Как бы там ни было, а коллекция фон Майзеля обогатилась новыми шедеврами. Их немедленно эвакуировали к барону в поместье. Теперь можно было во всяком случае не беспокоиться, что молох варварства уничтожит авангардные ценности, что колесница Джагернаута прокатится по квадратам и прямоугольникам, раздавит кружки и черточки - те как раз добрались до земли цивилизованной, до того места, где российский авангард оценят по заслугам и сохранят.

А за пару дней до того, как собственно это произошло, и картины отцов и матерей авангарда были вывезены в Европу, де Портебаль и фон Майзель в обществе Розы Кранц и отца Николая всласть рассматривали их в гостиной отеля. Разговор тек лениво, в ожидании ланча обсуждали цены на Сотбис, состояние различных коллекций, авангардную эстетику. Де Портебаль пустился в воспоминания о майских событиях шестьдесят восьмого, о баррикадах на бульваре Сен-Мишель, о студенческих беспорядках. Студент Сорбонны, он прекрасно помнил и митинги в аудиториях, и ревущую толпу, что катилась вниз, к реке, опрокидывая машины, громя витрины.

- Мы бежали по рю Жакоб, выковыривали из мостовой булыжники швыряли их в витрины, - рассказывал Портебаль, и в этом месте его рассказа отец Николай аж подскочил.

- По рю Жакоб?

- Именно. Впереди всех - Джек Стро, он сейчас министр иностранных дел в Британии. Ох, парень! Огонь! Да, как раз по рю Жакоб. Вы там бывали?

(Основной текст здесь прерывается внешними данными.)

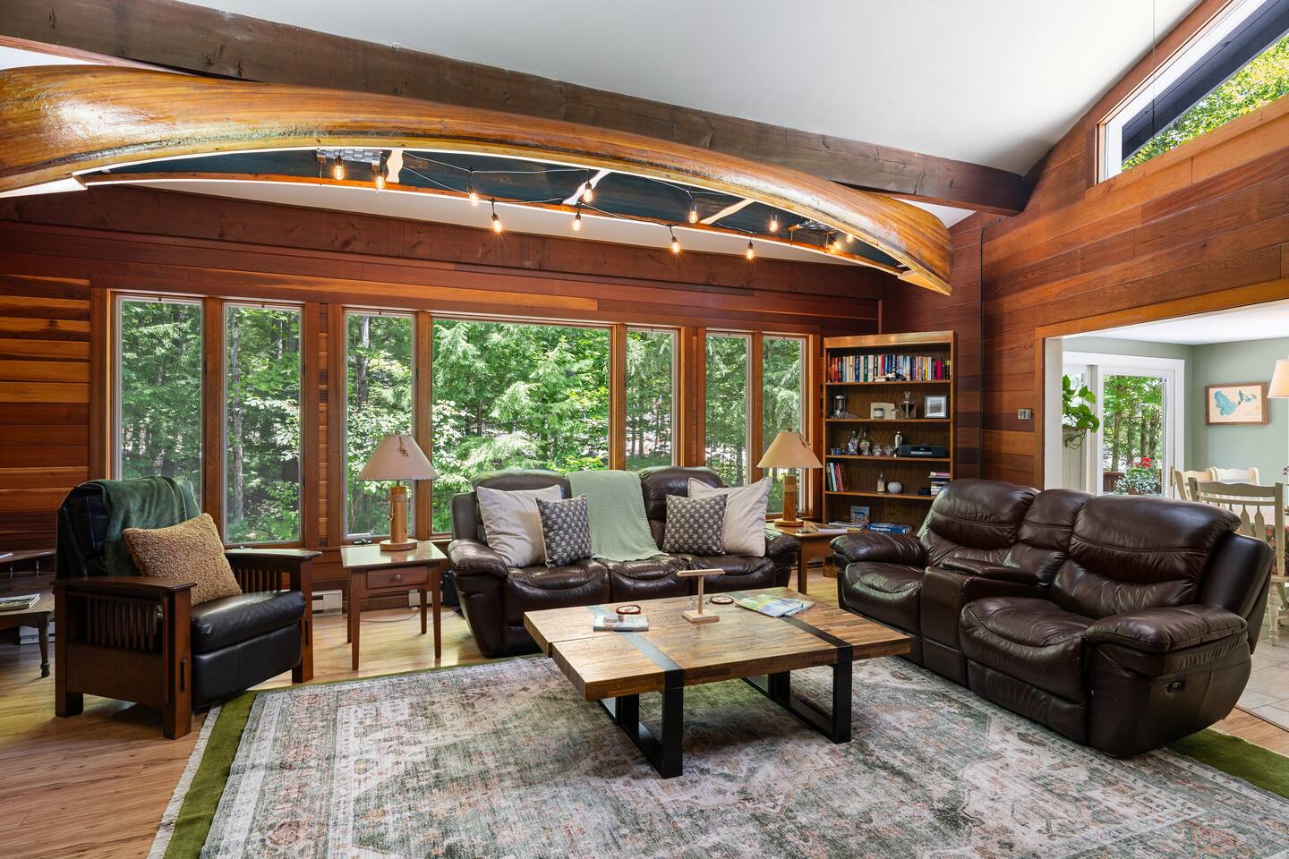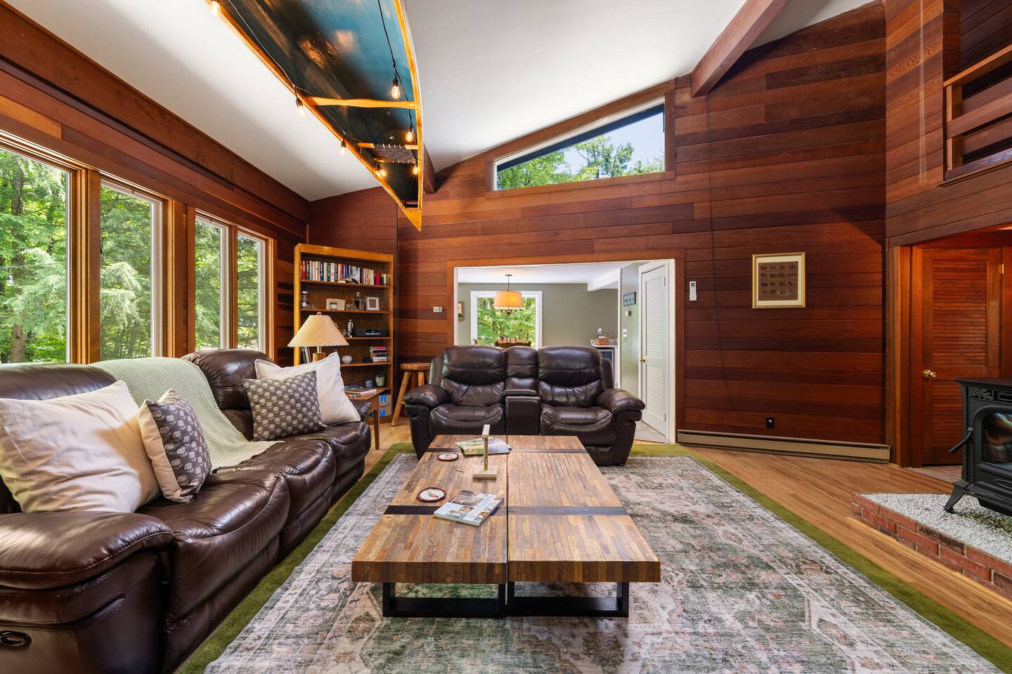 🛋 Open-concept living room with vaulted ceilings and a pellet stove for cozy evenings
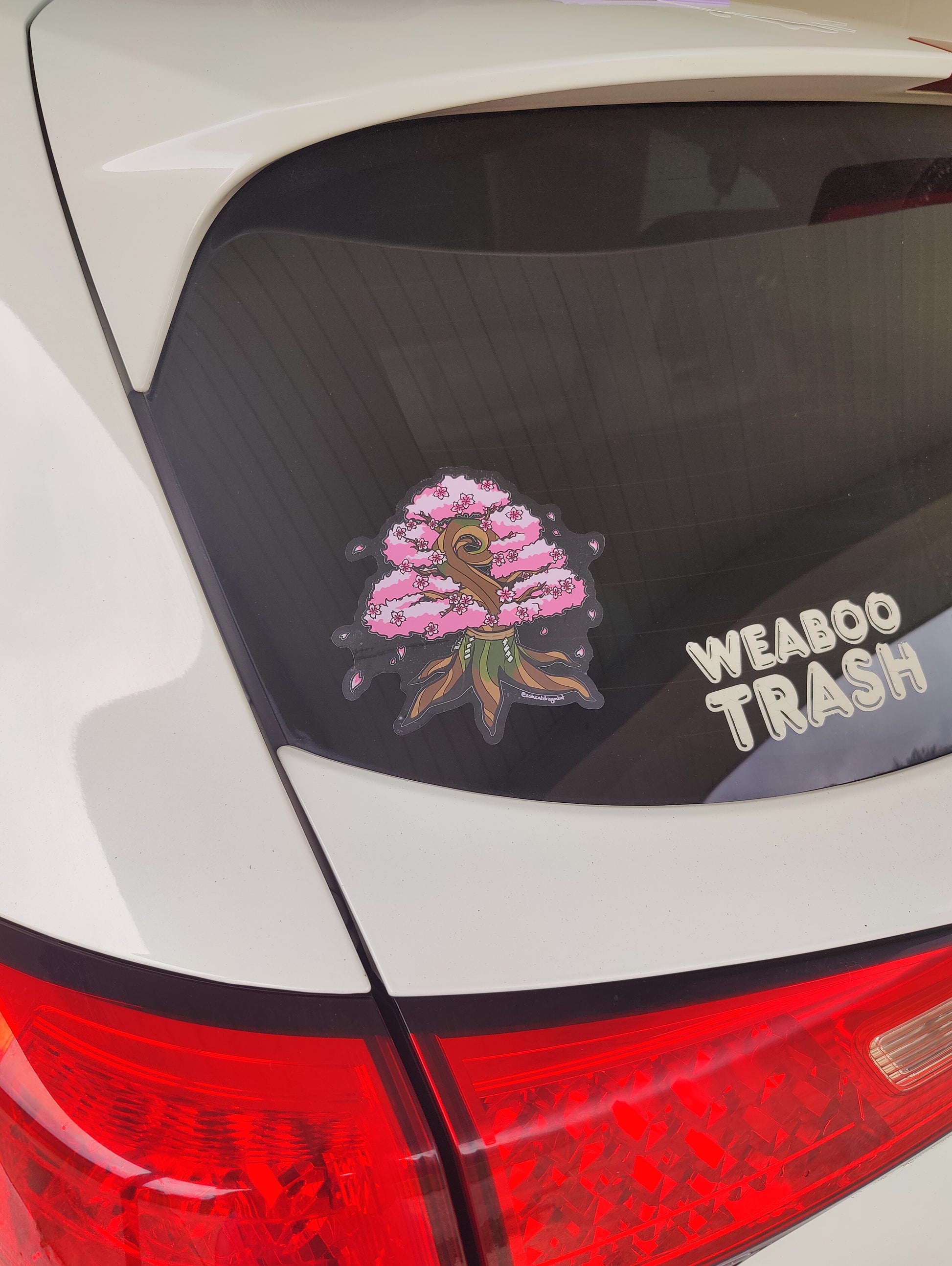 Cherry Blossom Sapling 5" Clear Matte Car Sticker
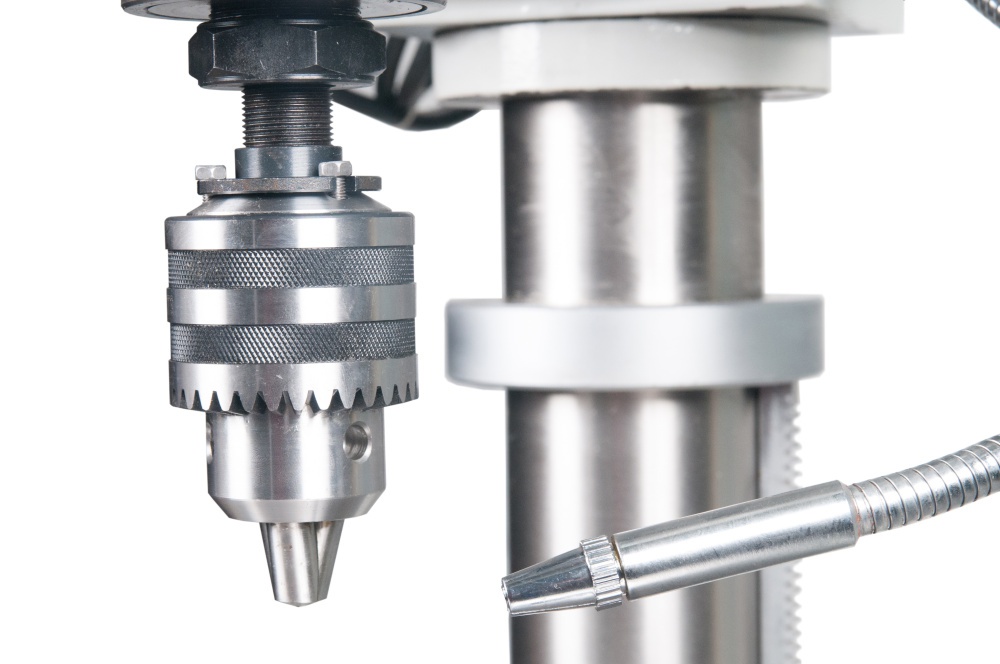 Tento model stolní vrtačky je speciálně konstruován pro profesionální obrábění kovových i nekovových dílců v podmínkách sériové produkce. Díky robustní konstrukci a šestipólovému motoru o výkonu 1500 W stroj vykazuje minimální vibrace a vysokou stabilitu. Klíčovou předností je variabilní automatický posuv pinoly a systém pro snadné přepínání mezi režimy vrtání a závitování. Přesnost práce garantuje broušený pracovní stůl a vřeteno s házivostí pod 0,02 mm. Stolní provedení s celkovou výškou 1405 mm je určeno k instalaci na pracovní ponk nebo stojan, přičemž základová deska s T-drážkami umožňuje i upínání rozměrnějších obrobků přímo na základnu.
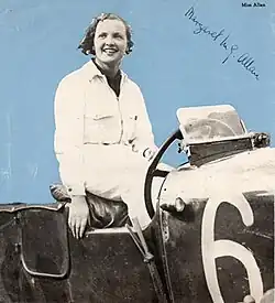 Margaret Mabel Gladys Jennings (née Allan; 26 July 1909 – 21 September 1998)[1] was a Scottish motor racing driver. As Margaret Allan (sometimes erroneously "Allen") she was one of the leading British female racing and rally drivers in the inter-war years,[2] and one of only four women ever to earn a 120 mph badge at the Brooklands circuit.[3] During the war, Jennings worked as an ambulance driver and then at Bletchley Park's intelligence de-coding centre. After the war, she became a journalist and was Vogue magazine's motoring correspondent from 1948 to 1957.
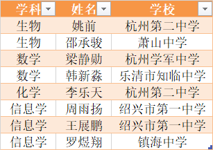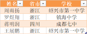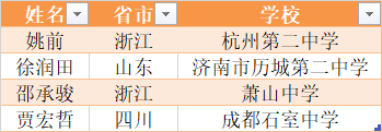 下面就来分学科看看,浙江竞赛强在哪? 01 先说刚刚传来好消息的国际生物奥赛,4人国家队里有2人来自浙江,占据半壁江山,分别是杭州第二中学的姚前和萧山中学的邵承骏。 2020年生物国家队名单
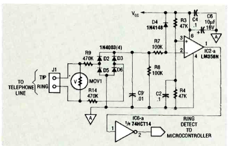Este circuito se encontró originalmente en la revista Radio Electronics y permite la transmisión de señales digitales a través de la línea telefónica. El circuito se aplica a lineas de la época.

- Как же, как же! Это ведь там, на углу - ресторан «Навигатор»? Его что, тоже громили?

- Вот не помню. Наверное, да, мы ведь тогда все, буквально все сметали на своем пути. Революция, знаете ли! Стихия, господа! Вы видели когда-нибудь ураганы?

- Да, - сказал барон фон Майзель, - я видел. Однажды на Корсике (а мы ездим только в девственные места, без этих ужасных Хилтонов) я видел смерч. Да, зрелище!

- Точь-в-точь то же самое! Революция - это смерч! Тогда, в шестьдесят восьмом, я понял, что это такое. То была подлинная революция.

- И все-таки мне кажется, - заметил отец Николай Павлинов, - революция в цивилизованном обществе должна бы протекать иначе, чем у дикарей. Рестораны французы трогать не должны.

- Ах, - сказал фон Майзель, - революция - это всегда немного варварство. Всегда немного безвкусно, как говорит мой друг Оскар. Я вас знакомил с Оскаром, барон?

- Тоже нефтяник?

- Оскар - он кто угодно. По профессии он дантист. Я сделал его компаньоном.

- Ах вот как

- Цивилизация, - подхватила Роза Кранц, любившая эту тему и обкатавшая ее в дебатах с Борисом Кузиным, - весьма непрочная вещь. Это лишь тонкая пленка, которая - увы! - легко рвется, - однако увидев, что де Портебаль заскучал, она сменила тему. - Шедевры Малевича и Поповой, - сказала она, - вот подлинная революция. Именно в этих полотнах между цивилизацией и революцией противоречий не возникает.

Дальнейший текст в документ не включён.